[Information supplied Boundary: Start]

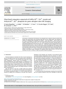 Glass-based composites comprised of CaWO4:Yb3+, Tm3+ crystals and SrAl2O4:Eu2+, Dy3+ phosphors for green afterglow after NIR charging
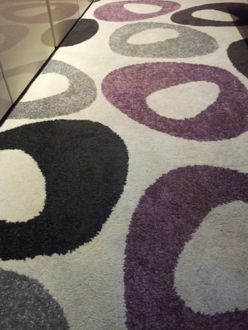 Tappeto beige con decoro a cerchi grigio, nero e viola.
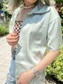 イチオシのBIGカラー(襟)シリーズのブラウス! サテンの素材で肌触りが良く、袖口が広く二の腕が隠れる長さが◎ 私はキャミソールに羽織りで着ましたが、ボタンを閉めて1枚でお使い頂けます! ダメージデニムで合わせ、かっこよくコーディネートしましたが、スカートやキャミワンピースに合わせて綺麗めなコーデもオススメです! サテン生地のアイテムは洗濯後も乾きが早いので、1枚あると便利なアイテムです!
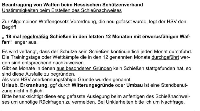 Für mich ist das unbegreiflich, wie ein Verband in dieser Form die gesetzlichen Regelungen, die in den Verwaltungsvorschriften zum Waffenrecht so auch nicht drin stehen. Der HSV hat zwar Gründe für fehlende Trainings angegeben, schreibt aber vor, mindestens 18 mal im Jahr traineiren zu müssen. Diese 18 mal müssen auf alle 12 Monate verteilt sein. Also es wird tatsächlich erwartet, jeden Monat auf dem Stand zu sein.

[Information supplied Boundary: End]

Copy the material exactly. Do not include the pictures.

 Glass-based composites comprised of CaWO4:Yb3+, Tm3+ crystals and SrAl2O4:Eu2+, Dy3+ phosphors for green afterglow after NIR charging
 Tappeto beige con decoro a cerchi grigio, nero e viola.
 イチオシのBIGカラー(襟)シリーズのブラウス! サテンの素材で肌触りが良く、袖口が広く二の腕が隠れる長さが◎ 私はキャミソールに羽織りで着ましたが、ボタンを閉めて1枚でお使い頂けます! ダメージデニムで合わせ、かっこよくコーディネートしましたが、スカートやキャミワンピースに合わせて綺麗めなコーデもオススメです! サテン生地のアイテムは洗濯後も乾きが早いので、1枚あると便利なアイテムです!
 Für mich ist das unbegreiflich, wie ein Verband in dieser Form die gesetzlichen Regelungen, die in den Verwaltungsvorschriften zum Waffenrecht so auch nicht drin stehen. Der HSV hat zwar Gründe für fehlende Trainings angegeben, schreibt aber vor, mindestens 18 mal im Jahr traineiren zu müssen. Diese 18 mal müssen auf alle 12 Monate verteilt sein. Also es wird tatsächlich erwartet, jeden Monat auf dem Stand zu sein.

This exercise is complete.